It Follows 2014


What with all the hype surrounding last year’s disappointing The Babadook, I approached this year’s new “scariest film in years” with some trepidation. I needn’t have worried. While It Follows is not going to give you a heart attack in the cinema, it’s definitely got enough frights to at least make you very careful who the hell you do the horizontal bop with.
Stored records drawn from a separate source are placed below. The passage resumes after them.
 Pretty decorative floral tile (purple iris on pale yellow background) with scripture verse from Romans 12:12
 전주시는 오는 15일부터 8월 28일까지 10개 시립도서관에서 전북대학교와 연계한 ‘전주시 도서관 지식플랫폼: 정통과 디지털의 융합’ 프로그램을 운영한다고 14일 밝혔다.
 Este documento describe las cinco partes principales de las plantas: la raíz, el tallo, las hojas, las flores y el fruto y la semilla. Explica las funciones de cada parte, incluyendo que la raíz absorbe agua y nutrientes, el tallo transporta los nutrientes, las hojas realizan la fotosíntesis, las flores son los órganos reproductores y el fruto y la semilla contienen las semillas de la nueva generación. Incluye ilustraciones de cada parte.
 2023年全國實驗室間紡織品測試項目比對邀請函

The now officially great Maika Monroe (The Guest) plays Jay, a 19-year-old student who has been seeing a guy called Hugh for a little while and, despite his slightly weird behaviour towards a girl in a yellow dress that Monroe can’t see, she decides to sleep with him in the back of his car. This proves to be a mistake as he passes on some kind of demon or succubus that will slowly follow her around until it touches her and kills her. The only way she can get rid of this horror is to sleep with someone else and pass the Sexually Transmitted Demon on to them. What we have is essentially M.R. James’ Casting the Runes for the modern world. The last time this was made was the ace Night of the Demon* but that had a dirty great big eighty foot tall winged beast in it. It Follows is a more subtle creation.
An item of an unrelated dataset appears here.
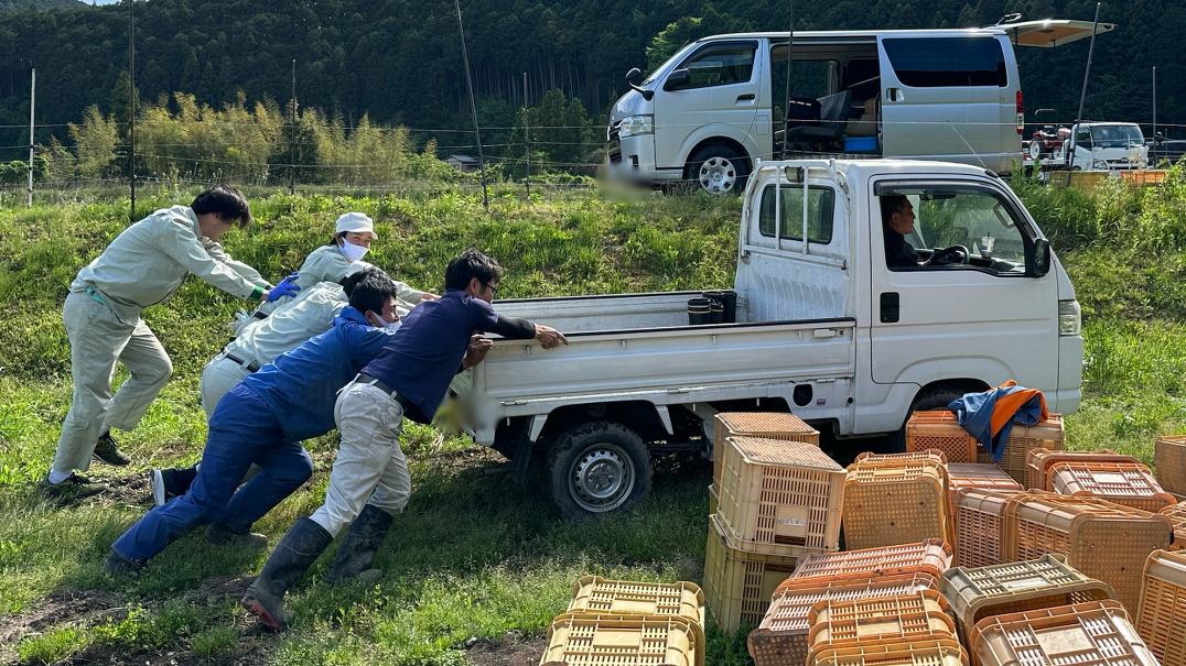 この上の写真は、トラックが圃場内で動かなくなった時の写真です。

The first thing you will notice about the film is how the deliberately slow pace and sombre mood helps create an All encompassing sense of dread over the story. Monroe and her friends live in the suburbs of Detroit. This broken part of America really lends itself well to the isolation Monroe feels both before and especially after she is stalked by the thing. Even the nice leafy parts of town have an emptiness about them: the streets are mostly deserted of people, there aren’t even many parked cars. Adults are largely absent from the film, when one of Monroe’s neighbours is attacked, you don’t see the actual police at the scene of the crime, only the empty police car. Monroe’s parents are also absent: her father long since gone or dead (only seen in a photo in her room) and you only see her mother’s drunken hand hanging off the edge of the bed next to an empty wine bottle and a half smoked cigarette. It’s all we need to know. When Monroe’s friend takes her away to his parent’s beach house in a borrowed car she asks if his mother will be annoyed, “she won’t even notice” he replies. Monroe and her friends have been abandoned by the adults in their lives and are left to defend themselves against this stalking fiend.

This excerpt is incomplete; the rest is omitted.